अष्टाविंशतिकृत्वो वै वेदो व्यस्तो महर्षिभिः वैवस्वते ऽन्तरे तस्मिन् द्वापरेषु पुनः पुनः
aṣṭāviṃśatikṛtvo vai vedo vyasto maharṣibhiḥ vaivasvate 'ntare tasmin dvāpareṣu punaḥ punaḥ
In that Vaivasvata Manvantara, in the Dvāpara ages again and again, the great seers arranged and re-divided the Veda—twenty-eight times in all.
Sage Parāśara (teaching Maitreya)
Speaker: Parasara
Topic: How many times the Veda has been divided within the Vaivasvata Manvantara and in which yuga
Teaching: Cosmological
Quality: authoritative and enumerative
Creation Stage: Manvantara
Yuga: Dvapara
Manvantara: Vaivasvata
Concept: Because beings’ capacities change by yuga, the seers repeatedly re-arrange the Veda in Dvāpara to safeguard dharma and intelligibility.
Vedantic Theme: Dharma
Application: Approach śāstra with humility and appropriate methods (study aids, commentaries) suited to one’s era and capacity.
Vishishtadvaita: The Lord’s governance of time includes provisioning accessible revelation for souls (cit) within the world (acit), indicating purposeful divine immanence in history.
Vishnu Form: Narayana
Bhakti Type: Shanta
This verse ties sacred history to cosmic time: within the Vaivasvata Manvantara, the Veda is repeatedly reorganized in each Dvāpara age, showing how dharma is maintained across recurring cycles.

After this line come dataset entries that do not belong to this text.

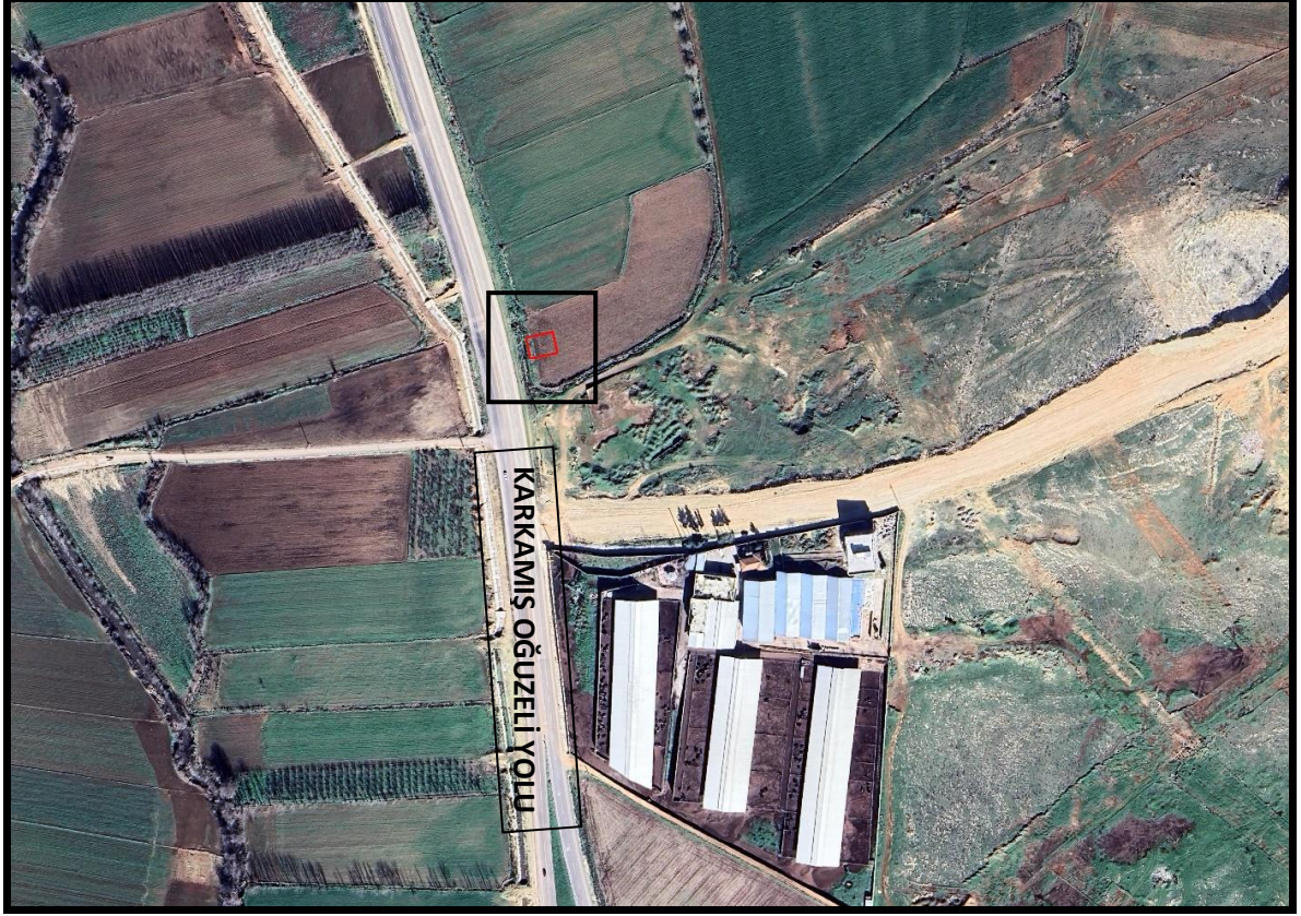
Şekil 1: Planlama Alanı Konumu

Gaziantep ili, Oğuzeli İlçesi, Kurtuluş Mahallesi sınırları içerisinde bulunan planlama alanı, Karkamış Oğuzeli Yolunun doğusunda yer almaktadır.
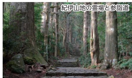
紀伊山地の霊場と参詣道
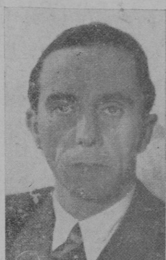
José Goebbels, Ministro de Propaganda del III Reich

de estas palabras del gobernador, el coche real siguió su camino.
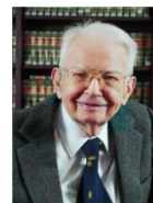
Nobelovac Ronald Coase

Parāśara presents it as a recurring necessity of the yuga-cycle: in Dvāpara Yuga, great seers systematize the Veda again and again so that knowledge remains workable as human capacity declines over time.
Even when not named in the verse, the Purāṇic framework assumes Vishnu as the supreme governor of cosmic order—Vedic preservation and yuga-structured renewal operate within his sustaining sovereignty over time and dharma.